Fino allo scorso anno, quando i giudici si sono definitivamente espressi sul merito, stabilendo che dato che
le graduatorie a esaurimento sono chiuse dal 2009, e questi insegnanti hanno presentato la richiesta
successivamente, non hanno diritto a entrarvi. Di qui la situazione attuale.«Chi nel frattempo ha sostenuto
il concorso straordinario ed è passato in ruolo, è tranquillo - dice Adriano Zonta, della Cgil Scuola -, ma non
per tutti le cose stanno così.
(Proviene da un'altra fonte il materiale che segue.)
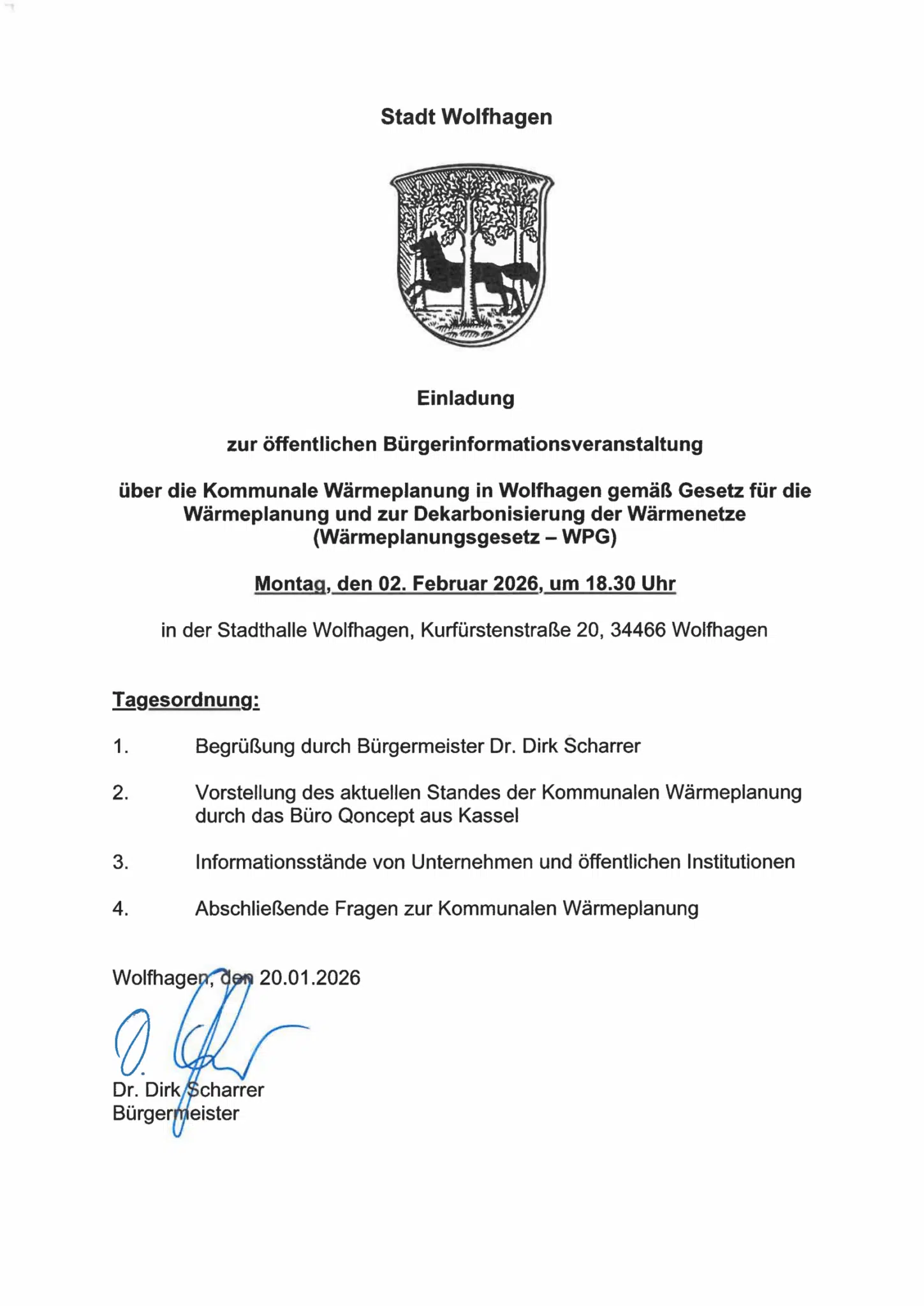 Sie sind hier: Home » Einladung zur öffentlichen Bürgerinfoveranstaltung über die kommunale Wärmeplanung in Wolfhagen

Chi non ha fatto il concorso, se anche ha un contratto a tempo indeterminato,
passerà al tempo determinato, e anche coloro che già avevano un contratto a scadenza ovviamente
avranno meno certezze. Sia chiaro, sostanzialmente per tutti un posto di lavoro ci sarà, perché la richiesta
di insegnanti nella scuola è talmente alta da esaurire abbondantemente tutte le liste, ma resta il fatto che
ora si genererà una grande confusione proprio nella determinazione delle nuove graduatorie». Proprio per
questo la Cgil Scuola lancia, oltre a questo preoccupata allarme, anche un appello al Ministero per trovare
una soluzione, che potrebbe essere quella di una sorta di "sanatoria". «La nostra proposta e richiesta al
Ministero è proprio questa - conferma Zonta -. Ci vuole una sanatoria, con l'assunzione di tutti questi
docenti all'inizio del prossimo anno scolastico, in modo da poter garantire alle scuole il regolare
funzionamento. Poi i mesi di lavoro valgano per loro come anno di formazione, con la possibilità di
affrontare alla fine un nuovo concorso straordinario che regolarizzi una volta per tutte le posizioni».